However, in the past few years, P300 BCIs have clearly emerged as one of the main BCI categories. P300 BCIs have consistently exhibited several appealing features—they are relatively fast, effective for most users, straightforward, and require practically no training. Recent work has shown that P300 BCIs can be used for a wide range of different functions and can work with disabled users in home settings (Kübler et al., 2009; Sellers et al., 2010; Kleih et al., 2012), although some concerns about gaze shifting have emerged (Allison et al., 2008; Brunner et al., 2010; Treder and Blankertz, 2010). In addition, new paradigms for eliciting the P300 have been introduced (Fazel-Rezai and Abhari, 2009; Townsend et al., 2010), and new ways to flash or otherwise change stimuli could enhance ERPs and improve classification (Kaufmann et al., 2011; Jin et al., 2012).
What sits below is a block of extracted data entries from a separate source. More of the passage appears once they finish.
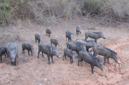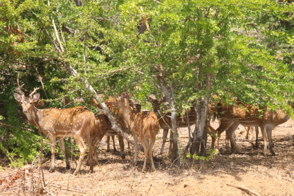 スリランカではヤーラ国立公園でのサファリが1番有名です。今回は午後2時30分からのサファリと終日のサファリの2回しました。初めの午後のサファリではスリランカ・ヒョウを見ることが出来ましたが、木に登って居眠りをしているところで、後ろ脚方向から見えるだけで顔の表情は分かりませんでした。それでもヤーラ中にいたすべてのサファリカーが集まったのではないかというくらい、ものすごい集中ぶりです。(サファリカーは無線を積んでいます)ヤーラ国立公園でもヒョウは超貴重動物で、いかに見られないかを実感しました。そのヒョウですが、翌日の終日サファリではかすりもしませんでした。
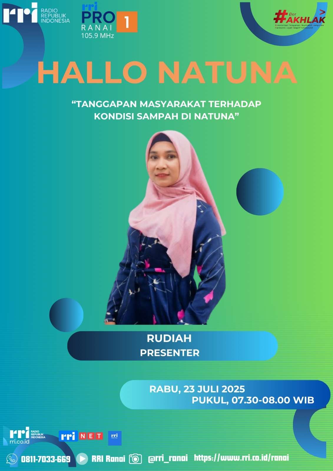 Terkait dengan kondisi sampah di Natuna saat ini, berikut tanggapan pendengar Pro 1 RRI Ranai dalam acara Hallo Natuna (Opini Publik) pada hari Rabu, 23 Juli 2025 yang dilaksanakan mulai pukul 07.30 wib sampai dengan pukul 08.00 wib. Program siaran Hallo Natuna ini mengangkat topik : Tanggapan Masyarakat Terhadap Kondisi Sampah di Natuna.
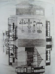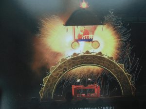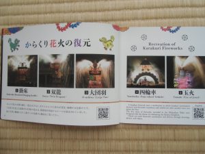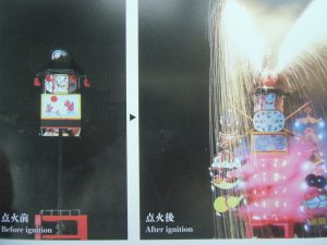 鎌倉芳太郎撮影の写真で原図では現存しない。仲秋宴における御庭の舞台と、からくり花火4基が描かれている。御城舞台の屋根に擬宝珠が載っている唯一の資料で橋掛りや楽屋も確認できる。絵の上方に描かれる「からくり花火」は、左から大団羽・玉瓢箪・玉火・掛床である。年代不詳とされてきたが、近年1838年の仲秋宴と特定された。
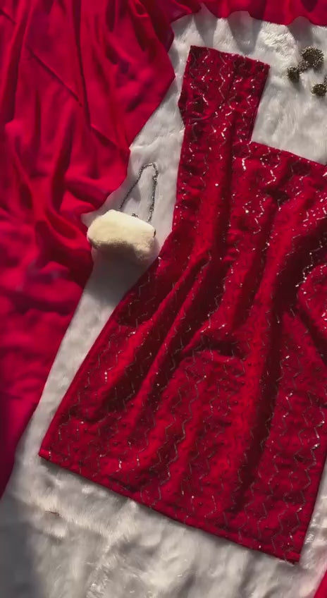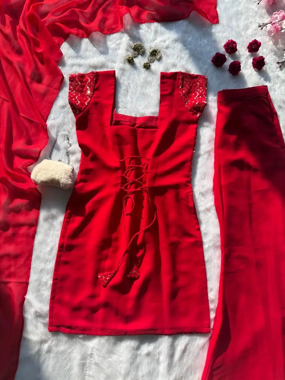 This stylish suit set is crafted from premium faux georgette, offering a soft, flowy drape and a refined modern look. The top features intricate thread and sequin work that adds subtle shimmer and elegance, paired with a soft micro inner for all-day comfort. The coordinating bootcut pant is fully stitched in faux georgette with a micro lining and an elastic waistband for ease of movement. Completing the ensemble is a lightweight plain dupatta that balances the embroidered top beautifully. This ready-to-wear outfit is perfect for festive celebrations, wedding functions, evening events and elegant occasions where comfort and style go hand in hand.
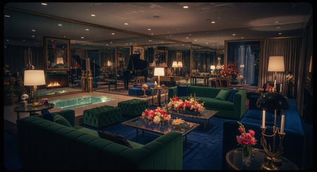 Luxury hotel lobby interior with sofas and sofas
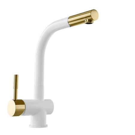Krótki opis: bateria kuchenna z wyciąganą wylewką. Wykonanie: mosiądz. Uchwyt: stop cynku. Linia Design Biała bateria kuchenna ze złotą wyciąganą wylewką Wybierz Lobio White/Light Gold Mat Ring i ciesz się pięknem i stylem, ale także niezrównaną funkcjonalnością w Twojej kuchni. To nie tylko bateria, to element, który podniesie komfort codziennych czynności i nada Twojej kuchni charakteru. Zamów już dziś i przekonaj się, jak wiele może zmienić jeden dobrze wybrany detal. Ogromną zaletą baterii jest wyciągana wylewka z solidnym mocowaniem, która pozwoli zadbać o najwyższy komfort zmywania. Elegancki, stylowy kształt sprawiają, że bateria znajdzie zastosowanie zarówno w nowoczesnych, jak i klasycznych kuchniach. Trwałość i Niezawodność Dzięki wykonaniu z wysokiej jakości mosiądzu i zastosowaniu powłoki PVD w kolorze złotym, bateria kuchenna Lobio gwarantuje długotrwałe użytkowanie bez obawy o uszkodzenia czy utratę koloru. Inwestycja w Lobio to gwarancja satysfakcji na lata. Ekskluzywne Detale – matowa złota końcówka i uchwyt Dodaj swojej kuchni wyjątkowego blasku dzięki przemyślanym detalom baterii Lobio White/Light Gold Mat Ring. Złota końcówka wylewki nie tylko podkreśla elegancję i unikalny styl tego produktu, ale także zapewnia trwałość i odporność na codzienne użytkowanie. Uchwyt do regulacji wody, również wykończony złotą powłoką, oferuje precyzyjną kontrolę nad temperaturą i siłą strumienia, łącząc w sobie funkcjonalność z niepowtarzalnym designem. Te złote akcenty są nie tylko praktyczne, ale także stanowią wyrafinowaną ozdobę, która wyróżni Twoją kuchnię na tle innych. Wybierając baterię Lobio, decydujesz się na produkt, w którym każdy detal został zaprojektowany z myślą o zadowoleniu użytkownika i estetyce przestrzeni. Zalety i korzyści dla użytkownika Wygodna w użytkowaniu dzięki wyciąganej wylewce Precyzyjne kierowanie strumieniem wody, tam gdzie tego potrzebujesz. Wygodnie umyjesz naczynia, sprzątniesz strefę wokół zlewu, czy napełnisz wysoki garnek wodą. Wyjątkowe wzornictwo i wykończenie w kolorze białym i złotym Trwała konstrukcja - zastosowany do produkcji baterii mosiądz cechuje się wysoką odpornością, co pozwoli użytkować baterię przez długie lata. Przeznaczenie: Bateria przeznaczona jest do użytku ze zlewozmywakami kuchennymi. Może być również montowana bezpośrednio na blacie. Zestaw zawiera: bateria, wężyki, zestaw mocujący, uszczelki. ID#
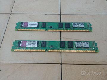Vendo KIT RAM Kingston da 8GB totali composto da 2 moduli da 4GB ciascuno, DDR3 1333MHz. SPECIFICHE TECNICHE: Marca: Kingston KVR (Kingston ValueRAM) Modello: KVR1333D3N9K2/8G Tipo: DDR3 SDRAM Capacità totale: 8GB (2x4GB) Frequenza: 1333MHz (PC3-10600) Voltaggio: 1.5V Kit Dual Channel (coppia abbinata) Non-ECC, Unbuffered CONDIZIONI: Moduli conservati nella confezione antistatica originale, mai utilizzati o usati pochissimo. In ottime condizioni. COMPATIBILITÀ: Ideali per upgrade di PC desktop, workstation o sistemi datati (2010-2015 circa) che supportano DDR3. Verificare la compatibilità con la propria scheda madre prima dell'acquisto.
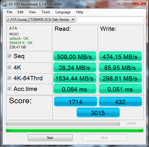 Дополнение к тесту Crucial M550 на предыдущей странице. Прогнал тесты в режиме макс. производительности - практически нет отличий от сбалансированной, в AS SSD даже совпало кол-во баллов (1108) . Потом попробовал нагрузить проц, ничего более умного как врубить ОССТ перед тестом в голову не пришло, тут результаты уже больше отличаются. А кол-во попугаев вообще запредельное
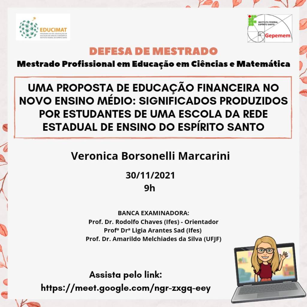 Informamos que a defesa de mestrado da aluna Veronica Borsonelli Marcarini ocorrerá no dia 30/11/2021, às 09h, com o título “Uma proposta de Educação Financeira no novo Ensino Médio: significados produzidos por estudantes de uma escola da rede estadual de ensino do Espírito Santo”. A aluna está vinculada ao Programa de Pós-Graduação em Educação em Ciências e Matemática (Educimat- Ifes).
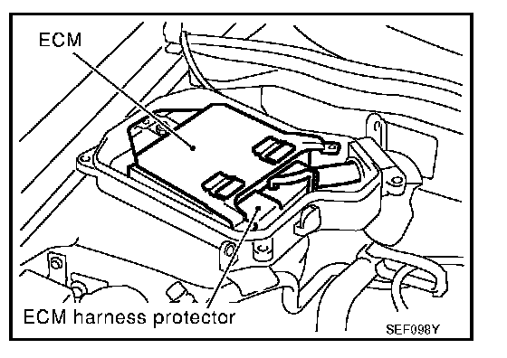1. ECM is located in the right side of the cowl top (behind the strut tower).
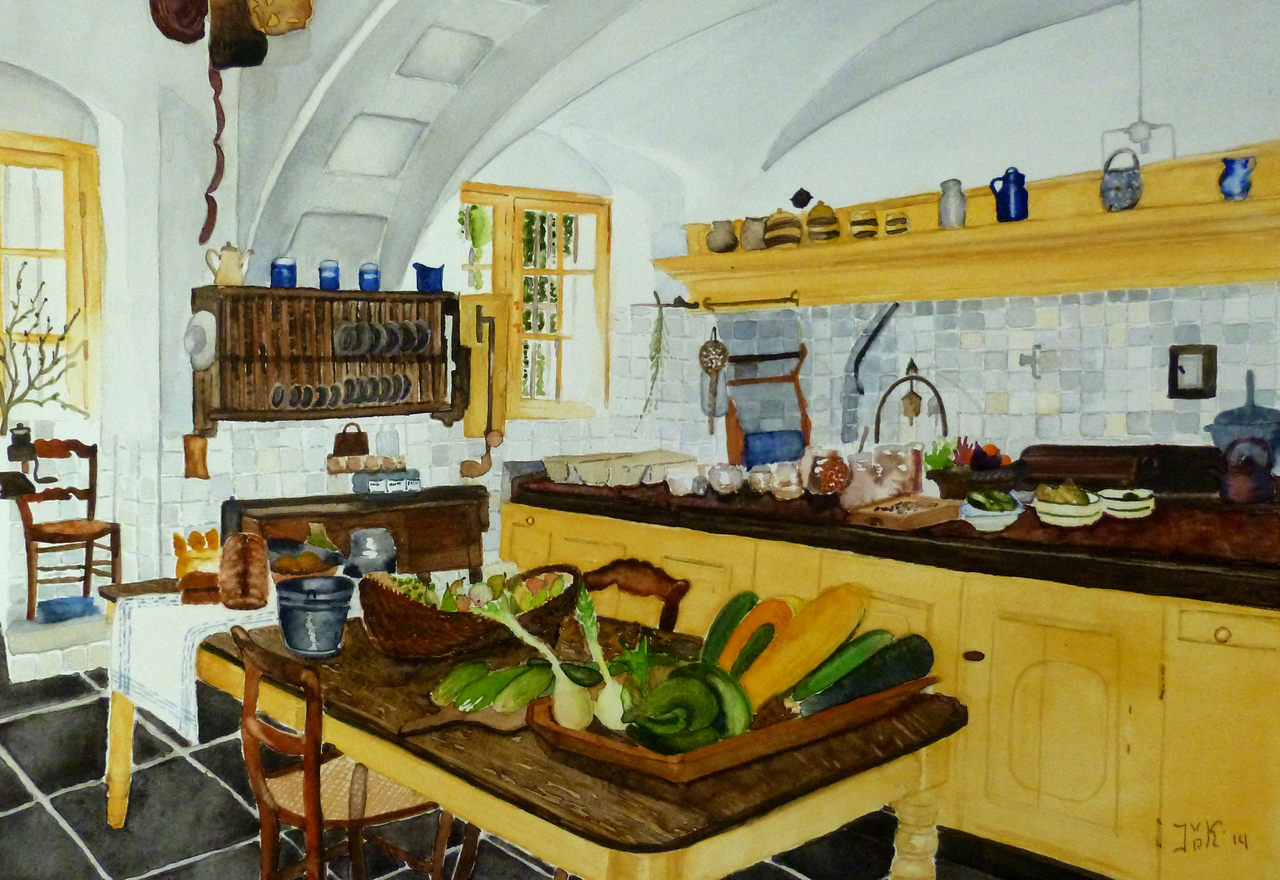 Zicht op het werkblad in de keuken van Kasteel Amerongen
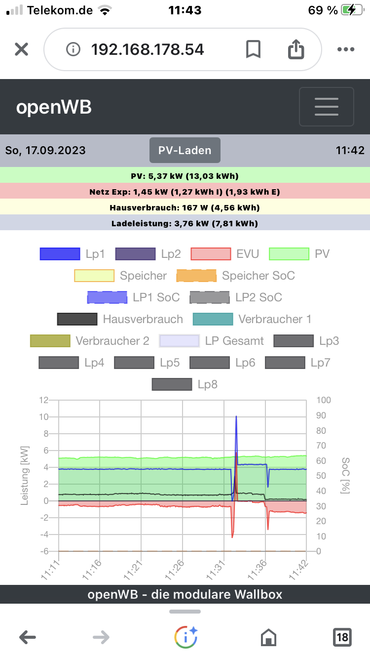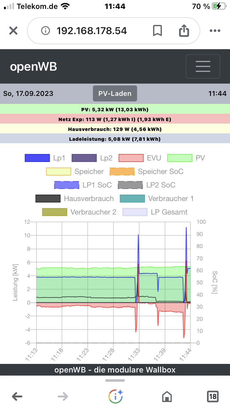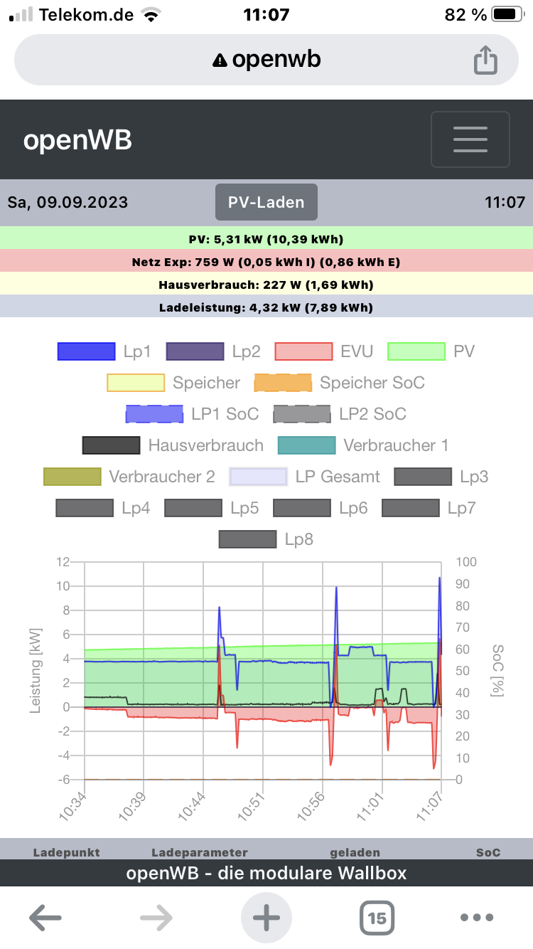 10kWp PV mit SMA Tripower 10000TL-10 (PE11 mit SDM72V2); 2,4kWp mit Solis 2.5 G6 (EE11 mit SDM120). OpenWB Standard+. EVU EM540 an einem Raspi mit Venus OS. BEV Mercedes EQA 250+ (07/2025)
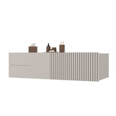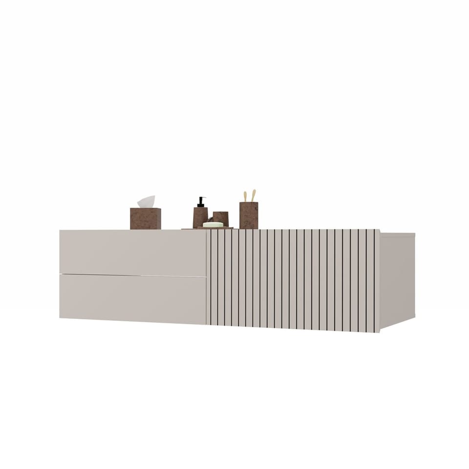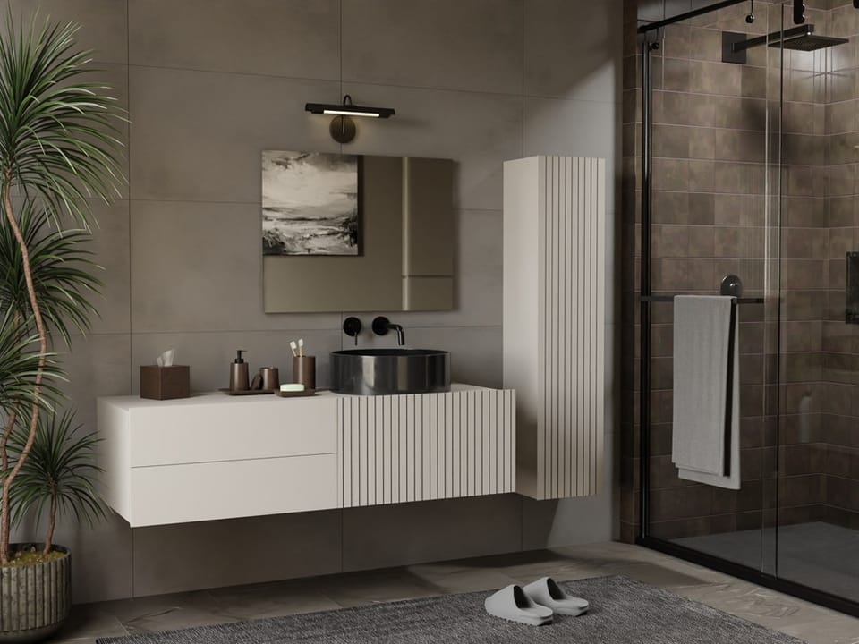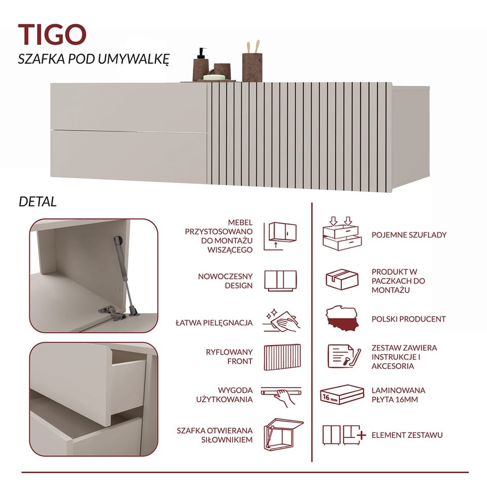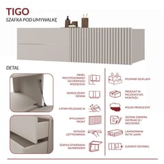 TIGO 1D2S to elegancka i funkcjonalna szafka łazienkowa, która zachwyca nowoczesnym designem i perfekcyjnym wykonaniem. Charakterystyczny front z pionowym frezowaniem (imitacja lameli) w ciepłym wybarwieniu Kaszmir nadaje meblowi stylowego i naturalnego charakteru.
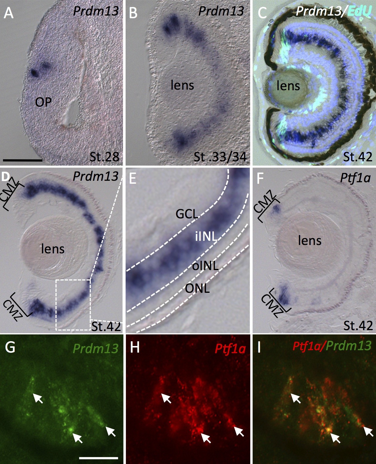Fig. S2. Prdm13 expression in the developing retina. (A, B, D-F) Retinal sections after whole mount in situ hybridization with the indicated probes. (A) Prdm13 transcripts start to be expressed from stage 28 onwards in a subpopulation of retinal progenitors. (B) From stage 33/34, Prdm13 is expressed in the inner nuclear layer. (C) In situ hybridization with Prdm13 on cryostat section and EdU labeling (green) showing that some Prdm13 positive cells in the CMZ are in proliferation. (D-F) At stage 42, Prdm13 is restricted to the inner part of this layer where amacrine cells reside (see the enlargement in E). Prdm13 is also expressed in the ciliary marginal zone (CMZ), excluding the most peripheral region, similarly to Ptf1a. (G-I) Images of stage 40 retinal section focusing on the ventral CMZ region, following double fluorescent in situ hybridization. Many cells co-express Ptf1a and Prdm13 (arrows). OP: optic vesicle, CMZ: ciliary marginal zone, GCL: ganglion cell layer, iINL: inner part of the inner nuclear layer, oINL: outer part of the inner nuclear layer, ONL: outer nuclear layer. Scale bars: 100μm (A-D, F), 50μm (G-I). |
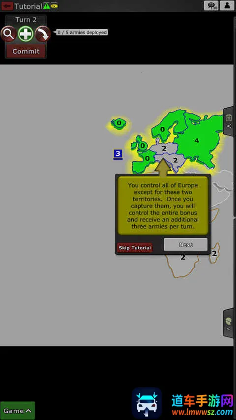 13、你控制了整个欧洲,除了这两个地区。一旦你占领了他们,你将控制整个奖励,并且每回合额外获得三支军队。后面就要靠玩家自行攻占所有的区域了。
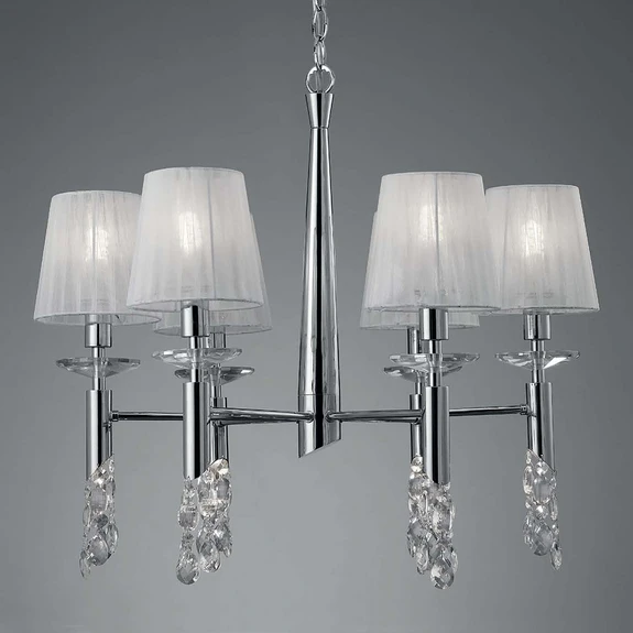 Designerlysekronen Lilja udstråler festlig pragt i et moderne boligmiljø Lysekroner er ofte udformet i en stil, der minder om tidligere tiders pragt og har til formål at bringe noget af den ind i nutiden. Det er meget anderledes med lysekronen Lilja af designeren José Ignacio Ballester. Takket være de delikate silkeskærme med deres skinnende lys og det glitrende krystalophæng mangler den intet i eksklusivitet og passer perfekt ind i denne moderne æra med sit komplette look. Lilja-lysekronen harmonerer med mange moderne indretningsstile i private hjem, restauranter og hoteller.
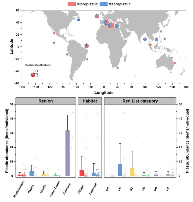论文3“Uncovering the global status of plastic presence in marine chondrichthyans”基于人类活动及栖息地变化对全球软骨鱼类体内塑料污染具有影响这一科学假设,以软骨鱼类(鲨鱼、鳐、魟与银鲛)为例,通过构建全球软骨鱼类塑料污染研究数据库,结合海域分布、栖息水层及物种濒危等级,阐述了软骨鱼类塑料污染研究的发展动态和技术手段,并分析了各研究海域、栖息水层及濒危等级软骨鱼类体内(微)塑料分布、丰度、颜色、形状、粒径、聚合物成分等赋存特征的差异(图3)。研究结果为鲨鱼、鳐魟等软骨鱼类塑料污染研究提供指导,对解析大洋生态系统塑料污染及其潜在生态风险具有重要意义。论文的第一作者为贡艺讲师,通讯作者为李云凯教授与毕业研究生黄学民。
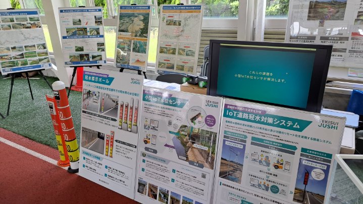 展示ブースコーナーでは防災に関わる幅広い団体が出展し、弊社としても昨年度の豪雨災害時の対応の様子や流域治水関係のセンサー・システムのご紹介などをし、多くの方にご来場いただきました。

Overall, it is likely that P300 BCIs will remain prominent in the foreseeable future, but will probably grow further and further away from the canonical 6 × 6 matrix with single row and column flashes described in the first two P300 BCI articles.
P300 Papers Submitted in Journals Since 2000
The past few years have seen a strong increase in P300 BCI research. Figure 1 shows the number of peer-reviewed journal publications that were identified via PubMed and Scopus search engines from 2000 to 2010 with the phrase “[(P300 OR P3) AND (BCI OR Brain Computer Interface)].” Conference proceedings were removed from the search. These articles reflect numerous novel directions. In addition to improving information transfer rate, there has been considerable success extending P300 BCIs to new tasks, paradigms, and applications.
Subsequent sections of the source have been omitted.